Puddler Bill said:A piston moving in a cylinder is a mechanical device or machine.
A bait or bilge pump has a piston moving in a cylinder and thus the above applies.
If a bait pump (sic) is legal then a slurpee pump would be legal to extract gravel and its not.
It matters little if the device is motorised or hand driven.
A mechanical device, or an eductor cannot be used to extract gravel from a stream bed or bank in Victoria.
Under Victorian law and under the authority of a Miners Right you must use hand tools only for extracting gravel.
You can use a pump to pump water, but not to pump gravel.
A piston in a cylinder is under any definition you would like to present, a pump so again the previous line applies here.
The description of a bilge/bait/yabbie pump or whatever you would like to call it can be changed to whatever you would like, but its
means of operation is suction to remove gravel.
I would ask anyone to show me legislation anywhere that says anything to the contrary.
Show me where it in the legislation it states what a non mechanical tool is, when referring to law you cant just say a piston is a mechanical device so you cant use it.

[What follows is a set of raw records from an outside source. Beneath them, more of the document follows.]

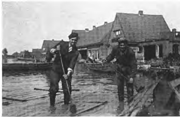
Schoonmaak — Foto van Fraassen.
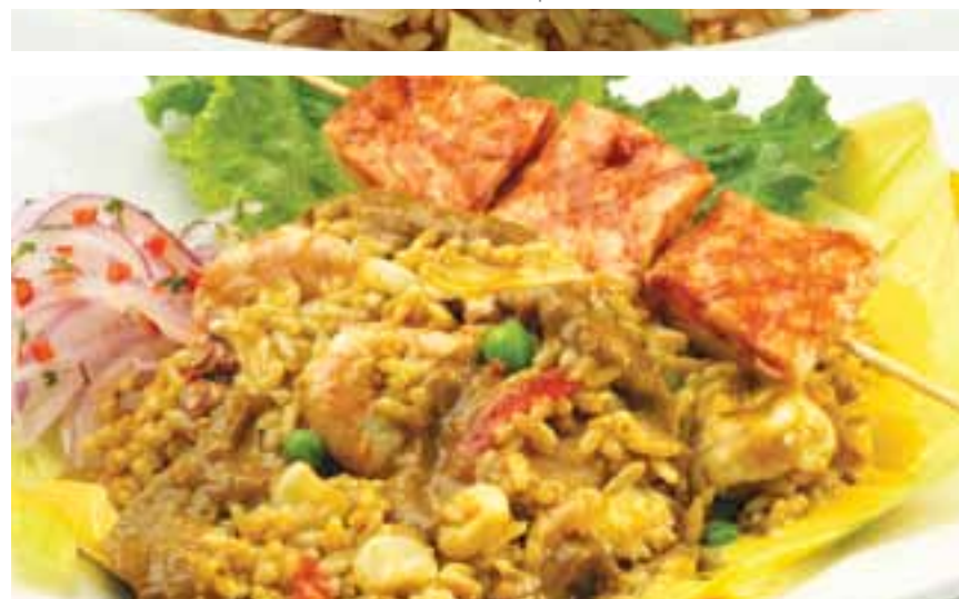
Atamalado de mariscos
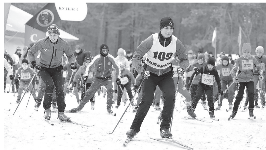
■ Фото предоставлено пресс-службой администрации правительства Кузбасса.
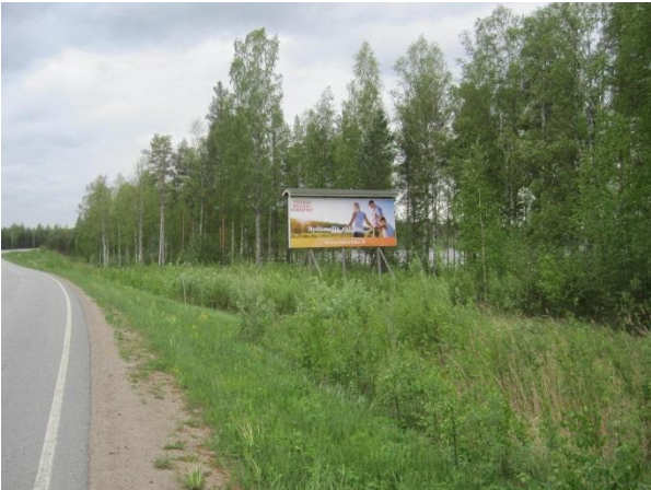
Kuva 63. Tervetulotoivotus Huikon suunnasta, taustalla Saarinen: Paikallisesti merkittävä harvinaisten kasvien kasvupaikka.
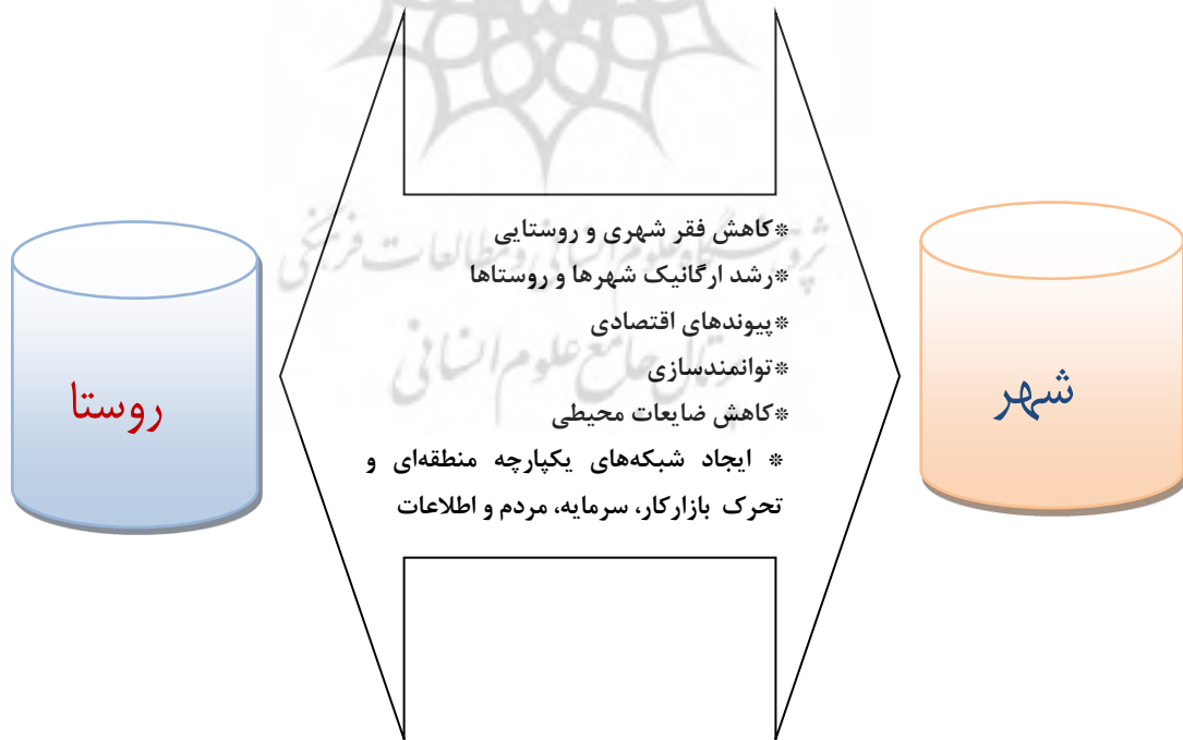
شکل ۲. ضرورت‌های مطالعه روابط متقابل شهر و روستا
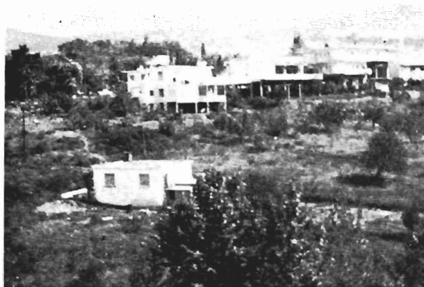
Fig. 1. Vue d'une partie d'Urendjik
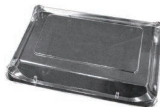
⑨筑後用 長方形 蓋 (10枚入)
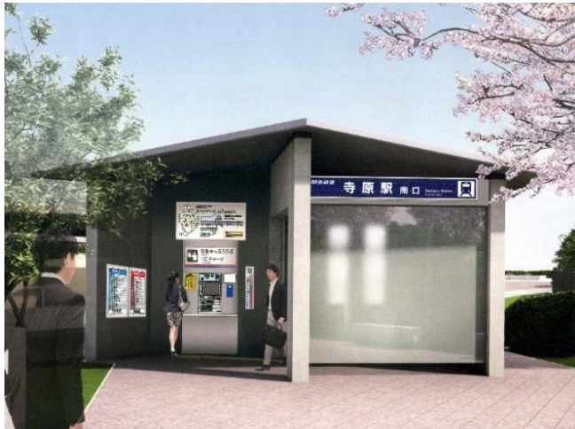
寺原駅南口イメージ図
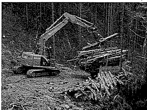
搬出間伐の実施状況
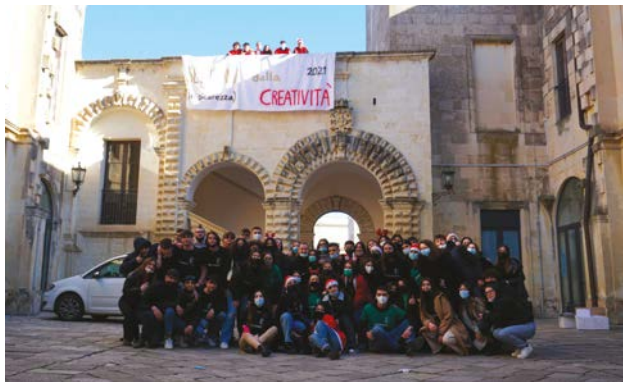
Settimana della Creatività Studentesca
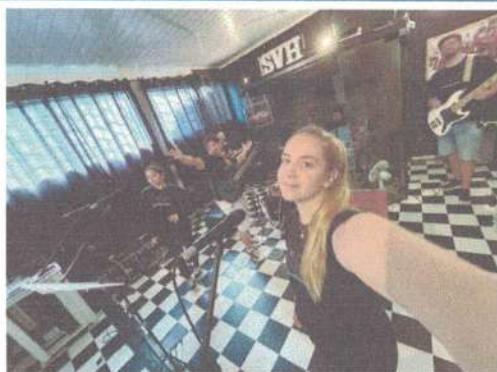
ENSAIO SVH ADULTO - 19/05/2025
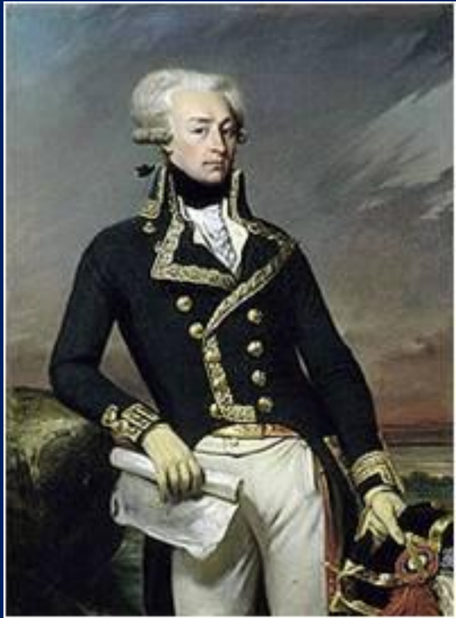
Жильбер де Лафайет

Революция распространялась по всей стране. В городах образовались выборные органы власти - муниципалитеты , создавалась вооруженная сила - Национальная гвардия .
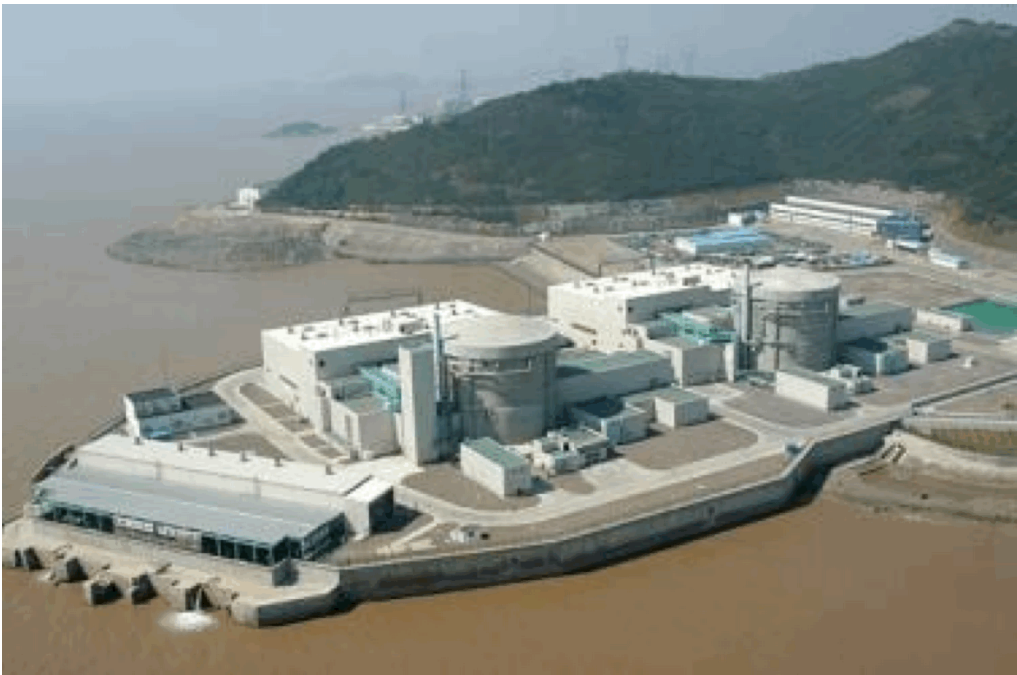
Photo AECL CANDU China
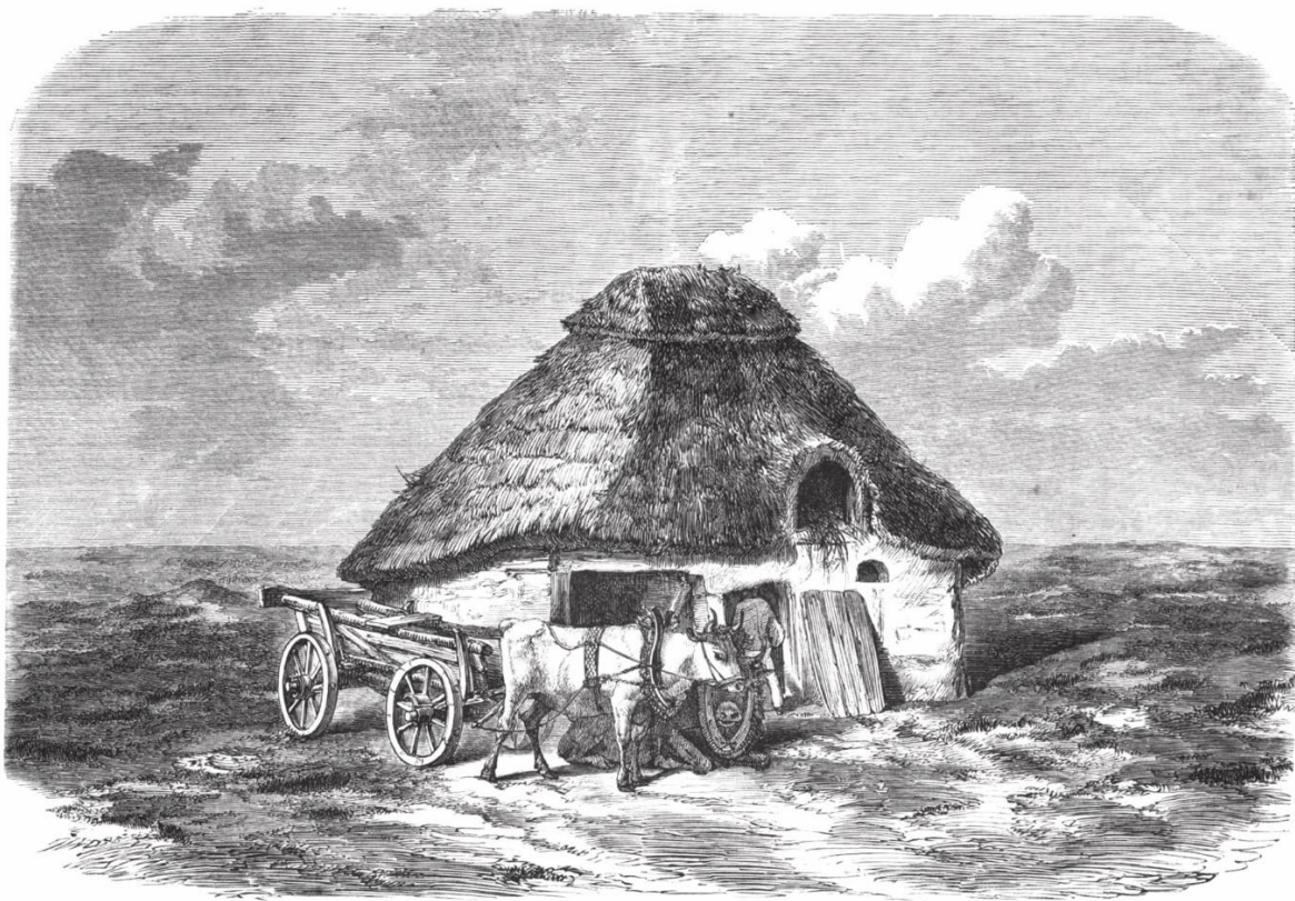
Skizze fra den jydke Hede.

Paa Alheden i Nørrejyland havde for længere Tid sien en Røverbande paa 12 Røvere sit Opholdssted *)
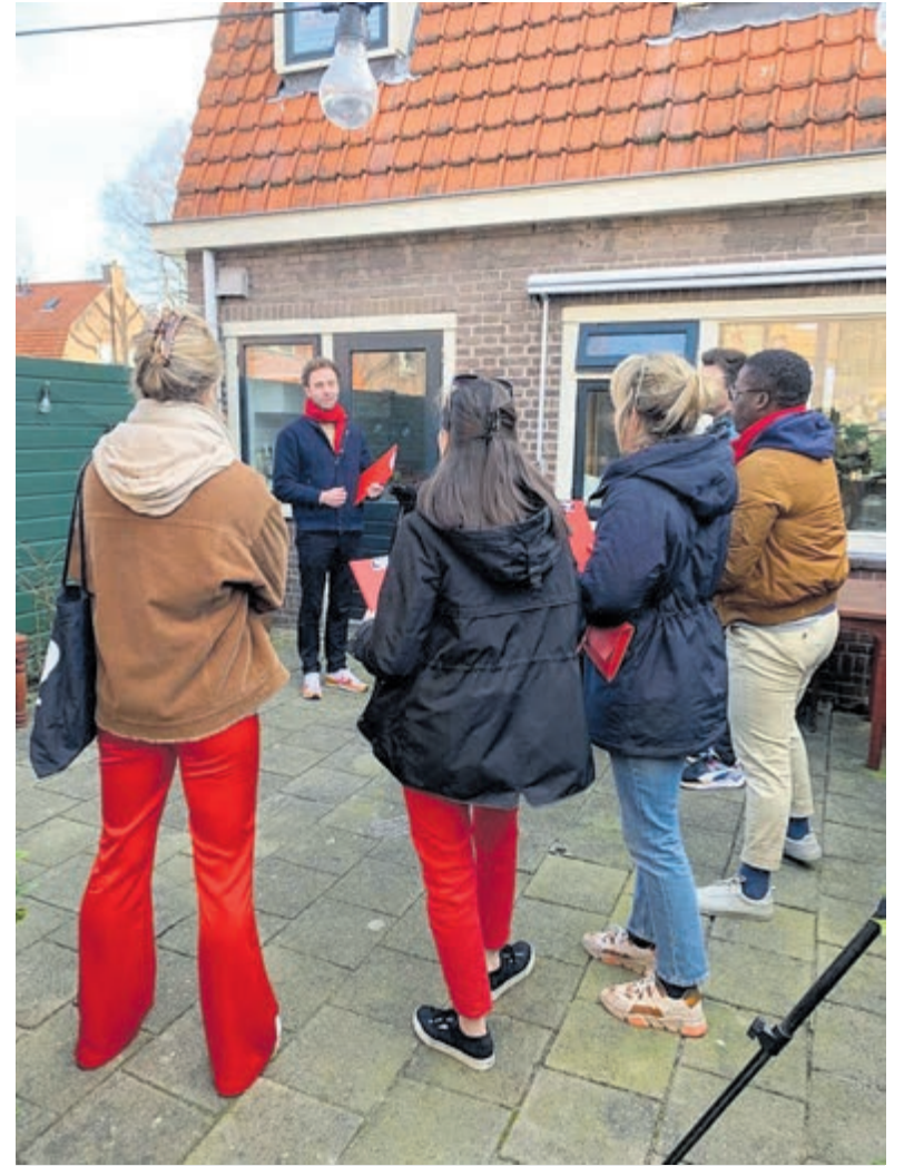
PvdA kandidaten actief in de wijken.

De partijen zijn in eerste instantie verantwoordelijk om zorgvuldig de antecedenten van de kandidaten te controleren. Kennelijk is dat hier niet gebeurd. Een unieke zaak voor politiek Heemstede komt zo tot een einde.
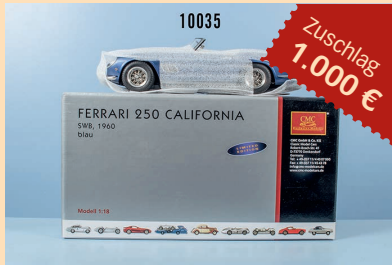
Losnr. 10035 CMC M-092 Ferrari 250 Caifornia SWB

Wichtiger Hinweis: Zuschlagpreise ohne Aufgeld
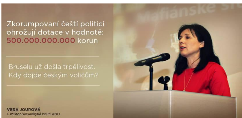
Obrázek č. 3

That your interpretation not everyone's.
There is no definition in the act nor does the act refer to a definition elsewhere therefore by law the statement is open to interpretation and thus non enforceable.
My feeling is that when reading a document like this after youve been issued a miners right the assumption is that the document relates to mining. The limitation of a miners right excludes the usual mechanical tools that a miner would normally be entitled to i.e. dozer, backhoe, tilt lift, drills, jackhammer explosives etc.
I don't want to rock the boat as much as anyone else but i cant see the logic in no suckers at all..... I can do the same thing with a brush and shovel accept i'l do more damage because i'll have to move every rock.